Ancora la “distruzione dell’infrastruttura del terrore”? Ancora bambini che si uccidono e case che esplodono di loro spontanea volontà? Perché sono state uccise persone a Gaza? Ah, la risposta è complicata, non possiamo dirvi tutto, fidatevi. Non è stata un’operazione dolce? Abbiamo già fatto i conti con il fatto che l’Idf partecipa alle elezioni.
Già non ci chiediamo perché, anche a due mesi dalle elezioni. A chi dovremmo chiederlo? Noi sospiriamo, contiamo, siamo l’elemento meno importante. Chi colpisce i terroristi a Jenin sa che ad Ashkelon ne pagheranno il prezzo.

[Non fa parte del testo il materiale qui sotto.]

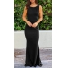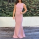 Sexy Solid Color Backless Ruffled Sleeveless Round Neck Party Dress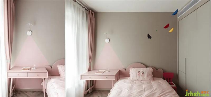 粉色云朵造型的床頭板連接著Lucellino壁燈下用粉色涂料描繪出的幾何投影,我們?cè)噲D讓少女心再輕盈一點(diǎn),就像飄在羽毛做成的云端。室內(nèi)設(shè)計(jì)師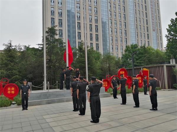 7月1日清晨7點(diǎn)40分安陽(yáng)市聯(lián)通公司大院內(nèi),聯(lián)通公司全體黨員干部、職工整齊列隊(duì),在這里隆重舉行“慶七一”升國(guó)旗儀式。一隊(duì)整裝威嚴(yán)、精神抖擻的特保隊(duì)員等候命令,伴隨著指揮員一聲“標(biāo)兵就位”口令拉開(kāi)了儀式序幕。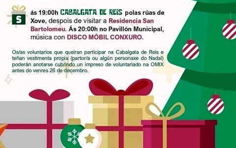 O Concello de Xove, a través do Departamento de Cultura, fai un chamamento á veciñanza para colaborar no tradicional Desfile dos Reis Magos, que percorrerá as rúas do municipio o día 5 de xaneiro a partir das sete da tarde “co obxectivo principal de manter viva a maxia do Nadal no día máis especial tanto para os máis pequenos como para os maiores. Desde o departamento solicitamos a participación de persoas voluntarias que dispoñan de vestimenta ou atavíos propios destas datas, tales como pastores ou pastoras, paxes reais, elfos, personaxes de Disney ou outros personaxes infantís, para participar nas carrozas preparadas para acompañar aos Reis Magos no seu desfile polas rúas de Xove”.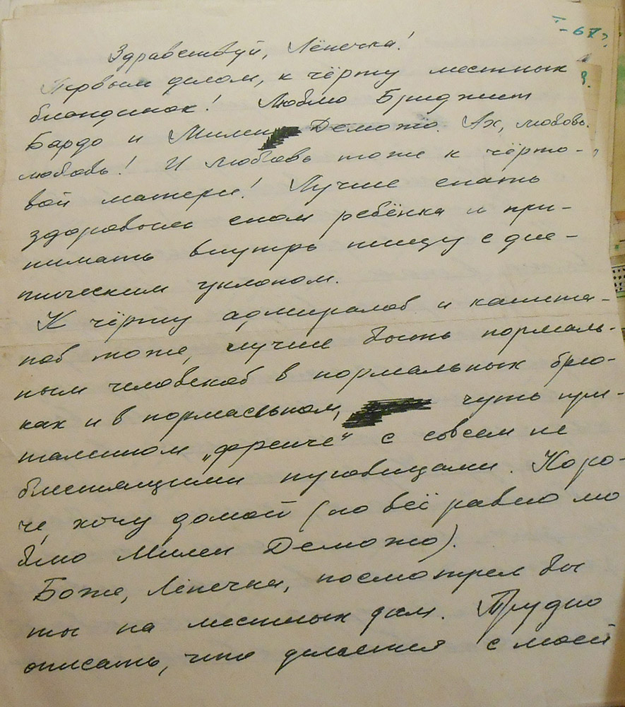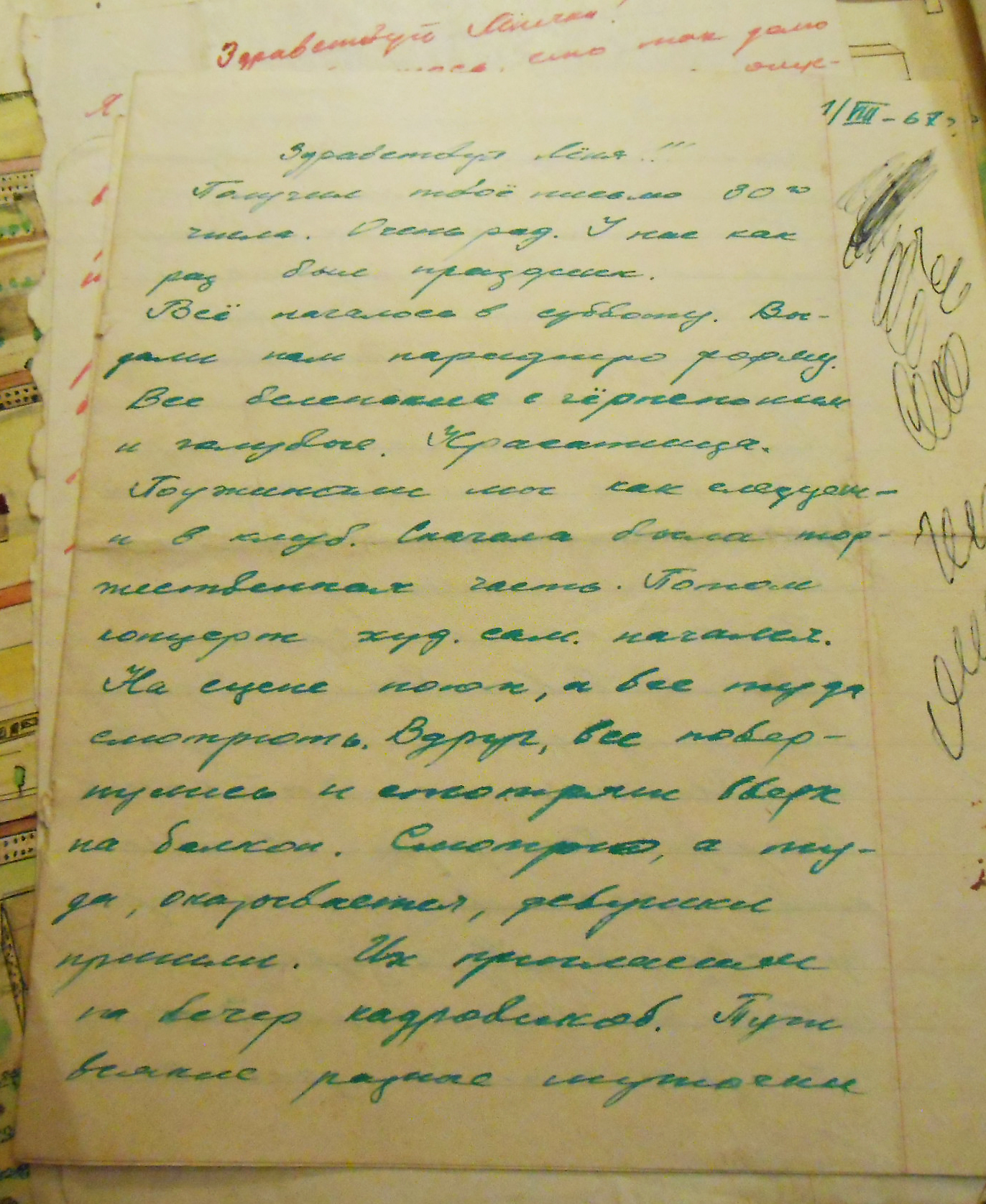 Poco a poco me siguen llegando cartas. He recibido hoy una de Yefímova. Y la última carta tuya se ha considerado todo un récord gracias a su tamaño y su originalidad.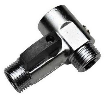 Securex (tidligere Freese) t-stykke med kontraventil. DN15/15/15 M/N/N, forkromet med greb og 1 kuglehane DR.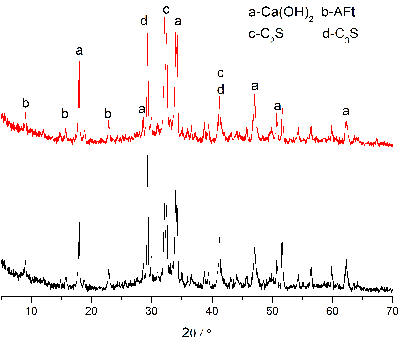 各位大侠帮忙看一下,纯水泥净浆(只有水泥,不含矿物)水化产物XRD图谱各峰对应物质是否正确?另外,我做的是内养护方面的,红色样品中加入了可以内养护的纤维,能否说明红色谱峰的水化进程快于黑色谱峰?52度左右对应的峰可能是什么?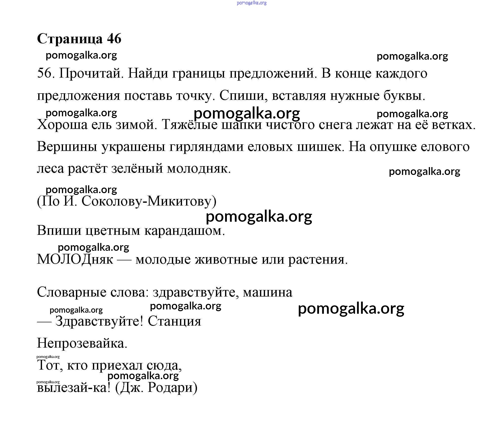 Готовые ответы - Русский язык 2 класс Тетрадь для самостоятельной работы Байкова Т.А. - часть 1. страница 46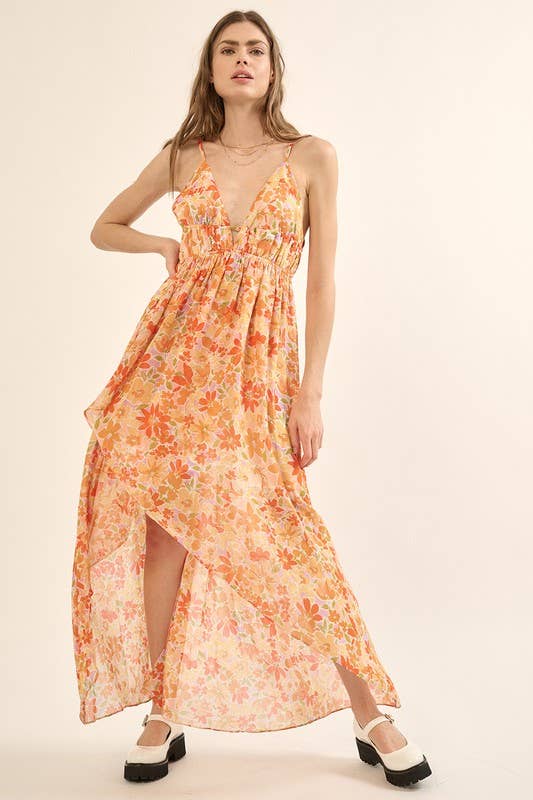 Panache Apparel Co. - Wholesale Dress - Women's - Orange & Blue Floral Maxi Dress0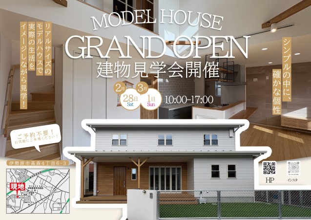伊勢原市板戸モデルハウス2棟の内覧会を3月2(土)-3(日)の10:00~17:00にて開催いたします! モデルハウスは2棟とも、家具を設置しております。 LDKだけでなく、トイレや洗面脱衣所、浴室などもインテリアを設置しておりますので、より実際の生活をイメージしながらご覧いただけると思います。 ま…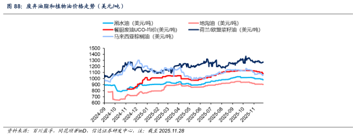 原料油价格:截至2025年11月28日,中国地沟油、潲水油价格分别为905.23、982.50美元/吨,较上周五价格分别-4.55、-9.81美元/吨,中国餐厨废油UCO价格为1085美元/吨,较上周五价格-20美元/吨。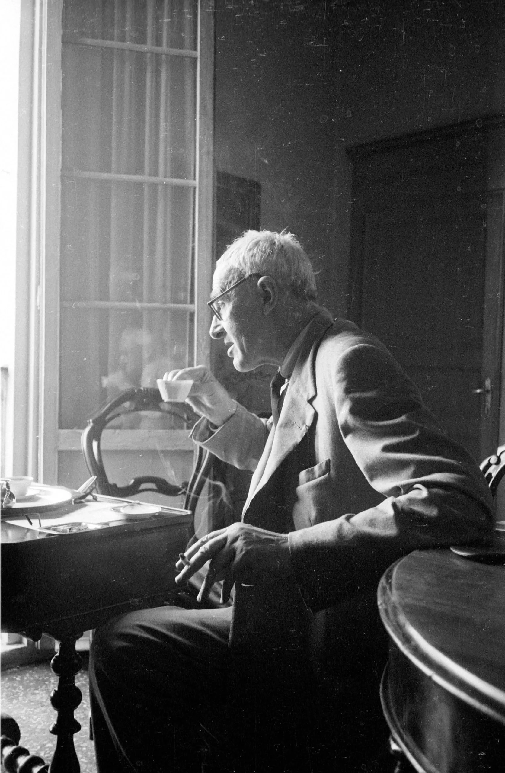 Black and white photograph of an older white man in a dark blazer seated in profile at a cluttered desk, holding a cup near his chin, with bright window light behind him
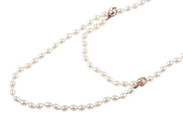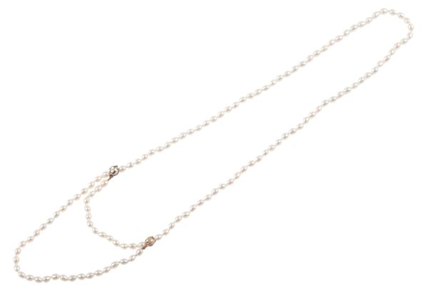 the long string of baroque pearls with two hinged ball clasps allowing length adjustment, unmarked, surface testing as 9ct, overall c. 92cm long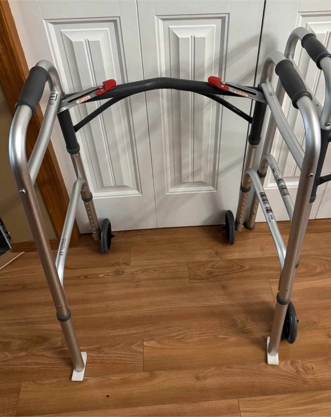 Selling a used silver walker with wheels. It's in great condition and ready to help someone get around safely and comfortably. It features adjustable height settings to suit different users

Gli importa?
I soldati sono pedine di un gioco politico. L’esercito obbedisce al governo, ed è così che dovrebbe essere. Il governo vuole uccidere? L’esercito gli mostrerà come fare. Lapid vuole maturità in battaglia? L’ha ottenuta. L’Idf lo asseconderà anche se sa di non essere altro che una pedina nella gara a chi è più grande. Tutti partecipano; guardate i post sui social media: Ha insegnato a Bibi una o due cose! Anche Lapid sa come uccidere! Il pubblico è più nazionalista e più religioso e lo sono anche gli ufficiali dell’esercito. L’impatto dei rabbini sull’esercito sta crescendo. I rabbini hanno un’agenda politica, che è quella di impedire uno Stato palestinese a Gaza e in Cisgiordania. Tutti i governi da Rabin in poi hanno servito questa agenda, così come l’operazione Breaking Dawn, così come i nostri figli.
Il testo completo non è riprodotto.